# The maximum entropy principle meets optimality theory in phonology

In this homework we will replicate Goldwater and Johnson's 2003 maxent OT analysis of Wolof.  The Wolof data capture a categorical rather than gradient pattern, and so could also be analyzed using standard (number-less) optimality theory, i.e. in terms of strictly ranked constraints.  The advantages of instead analyzing the data using maxent OT are: (1) that the same method can be applied to non-categorical, gradient patterns, and (2) that  constraint importance is learned automatically and reliably, including in the case of noisy data.

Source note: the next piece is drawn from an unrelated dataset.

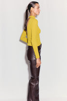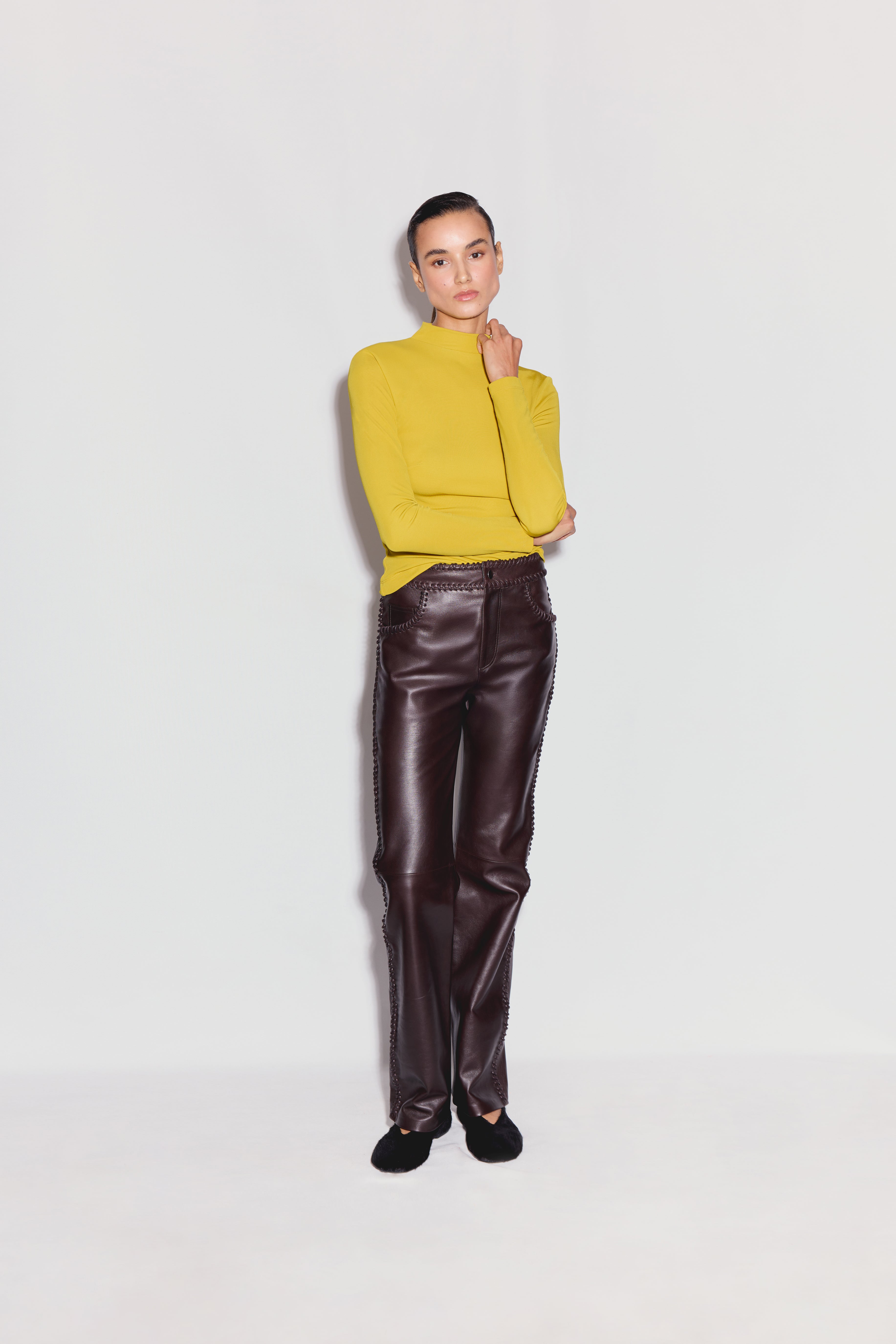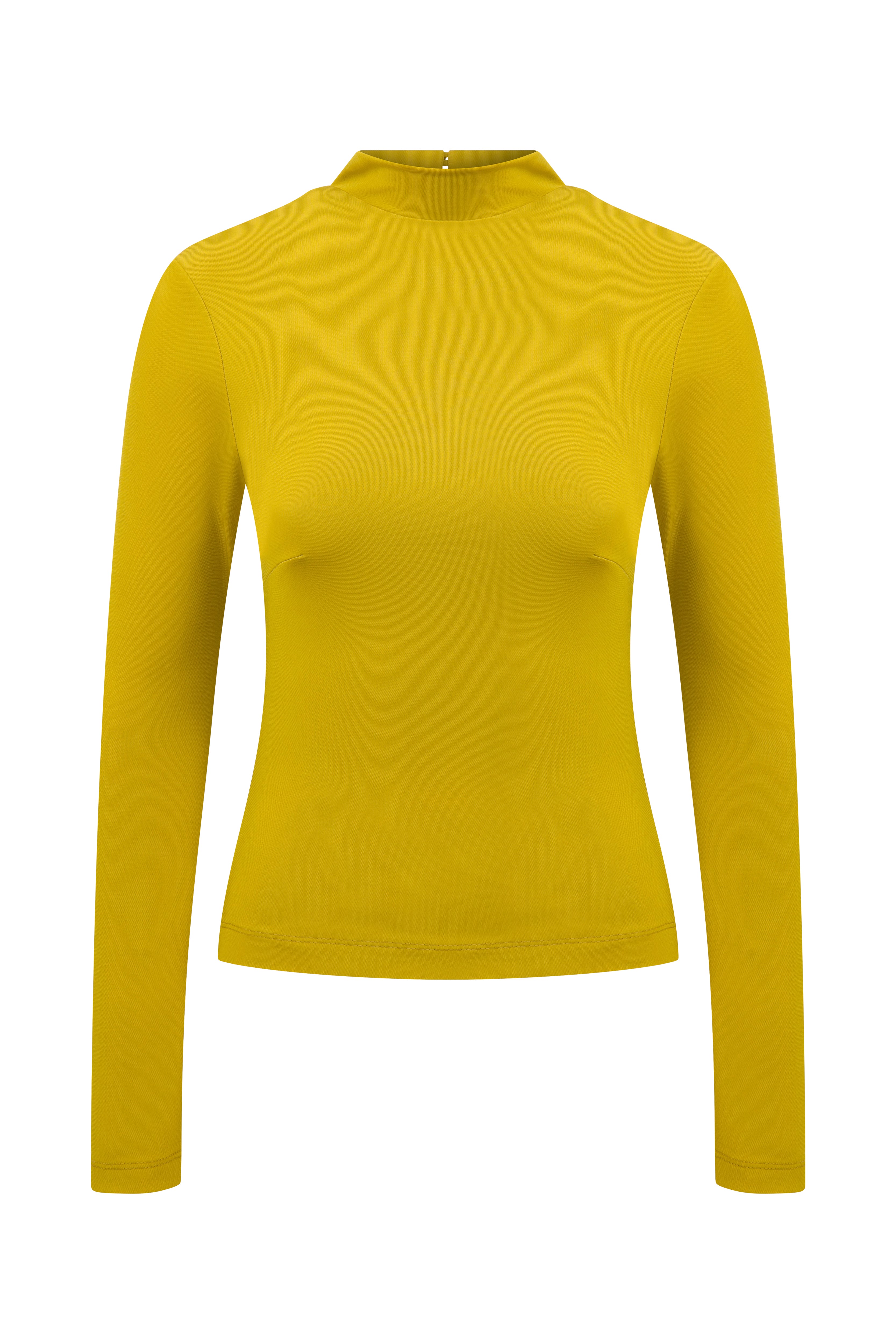 Wade Üst, sezonun sıcak tonlarından biri olan zengin hardal renginde, yüksek yakalı ve uzun kollu bir üsttür. Yumuşak viskozdan üretilmiş olup, vücudun doğal hatlarını kısıtlayıcı bir his yaratmadan nazikçe takip eder. Dar kesimi sayesinde şık ve sade bir siluet sunar; tek başına giyilebileceği gibi pek çok farklı stil de uyum sağlar.

These two advantages flow naturallly from the adoption of a probabilistic formulation of the problem.

The Wolof data we will work with are from Boersma (1999), and are bundled with the [Praat](https://www.fon.hum.uva.nl/praat/) software package.  The data have been extracted from Praat for you, and annotated, and are supplied with this homework.  There is also an associated PDF file from Praat which shows the tableaux in the usual OT format.

What remains is to:

- Read in the data, and manipulate it into the desired dataframe format.
- Spot-check the formatted data against the PDF of tableaux that it is supposed to correspond to.
- Construct a maxent classifier in line with G&J's description.
- Train the classifier on the data.
- Examine the results to see whether they align with G&J's reported results.



In [1]:
import pandas as pd
import numpy as np
from scipy.optimize import minimize

### Read in data

The data contain OT tableaux for the Wolof tongue-root grammar described in Boersma (1999), which includes five constraints:

- <span style="font-variant:small-caps;">*RtrHi</span> : High vowels must not have a retracted tongue root (rtr).
- <span style="font-variant:small-caps;">*AtrLo</span> : Low vowels must not have an advanced tongue root (atr).
- <span style="font-variant:small-caps;">Parse[Rtr]</span> : If an input segment is [rtr], it must be realized as [rtr] in the output.
- <span style="font-variant:small-caps;">Parse[Atr]</span> : If an input segment is [atr], it must be realized as [atr] in the output.
- <span style="font-variant:small-caps;">*Gesture[Contour]</span> : Do not change from [rtr] to [atr], or vice versa, within a word.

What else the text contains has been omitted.